Keeping people at the centre in an AI‑shaped world
Data Privacy Day is an opportunity to pause and consider how technology can better support our wellbeing. Artificial intelligence now plays a role in everything, such as the recent work Ericom has done with councils to explore AI‑assisted systems that help understand crowd flow during major events and adopting AI‑enabled tools in areas like call centres and mobile management to improve accuracy and response. The same shift is taking place in everyday digital life, although not always with good intentions.
How is AI changing the way we experience everyday digital life?

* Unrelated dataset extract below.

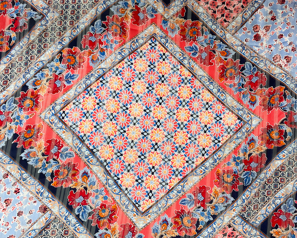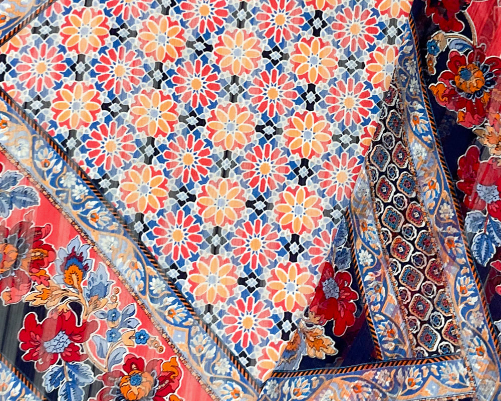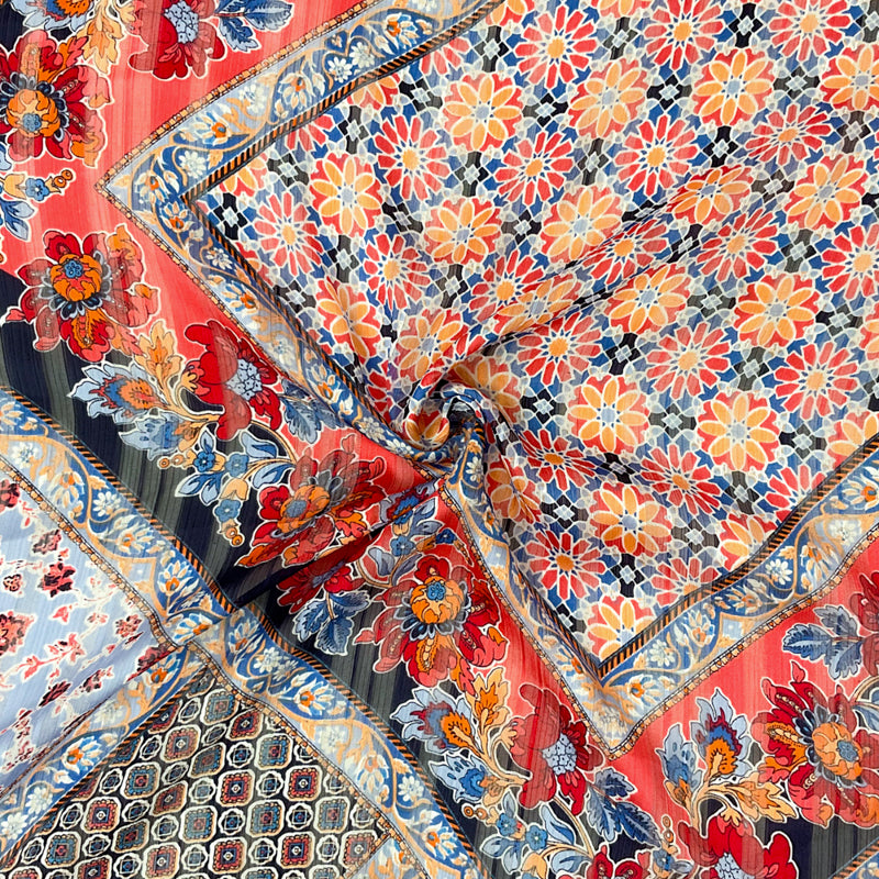 Blue-Multi Poly Floral Printed Satin Stripe Chiffon Woven Fabric

AI tools are making work faster and more creative, but they have also lowered the effort needed for impersonation attempts and misleading messages. Local governments continue to report high volumes of attempted cyber intrusions, and scams using AI now mimicking voices, writing styles and familiar communication patterns well enough to fool even cautious staff. Understanding that these techniques exist helps frame why bad faith digital interactions can feel less predictable than they used to and why reducing our digital footprint limits how much information bad‑faith actors can use against our family, friends and colleagues.
What personal information should you rethink sharing online?
One helpful habit is being intentional about the information you share online. Even harmless details, like where you work, what you’re doing this weekend, or a photo in your feed, can be pieced together by AI systems to form a detailed profile. Many platforms also display profile fields more widely than people realise, giving automated crawlers more context than intended. This everyday information counts as personal data and can be reused in ways you may not expect, including training models that generate convincing impersonations. Choosing to keep certain details private makes it harder for bad actors to build a narrative about you and easier for AI to work for you, not against you.
What small habits genuinely improve your AI privacy day‑to‑day?
Strengthening privacy also comes from small, thoughtful habits that give you a moment to think before acting. Checking the sender of an unexpected message, pausing before approving payments, and confirming unusual requests through a second channel are simple ways to protect yourself. These steps give your brain time to process what’s happening so privacy becomes something that supports confident decision making.
On a wider scale, organisations can help by normalising the gentle safety checks built into modern tools. Identity prompts, brief pauses, or extra verification before accessing sensitive information are not interruptions. They are quiet protections designed to prevent mistakes and keep information where it belongs.
Why are prompts, pauses and extra steps actually helpful?
Understanding why these checks occur also makes patience easier. Just as we naturally pause before crossing a road, these digital moments of verification help ensure only you can act on your identity, your work, and your information. They also counter the “act fast” pressure that many scams rely on. Embracing verification, being open to clarifying questions, and accepting occasional delays is part of a good digital hygiene that helps create an environment where privacy feels supportive, not restrictive.
What’s the next step in understanding real incidents?
At Ericom, we recently brought together leaders in insurance, law and cyber security for a webinar that explored the real business impact of cyber incidents, legal obligations, insurance considerations and practical steps to reduce risk. It helps organisations understand what happens after an attack and how to respond with clarity rather than panic. Fill out the form to get access to the recording today.
This Data Privacy Day, the message is clear. Privacy is not about restriction. It is about creating digital spaces that help people think and collaborate with confidence.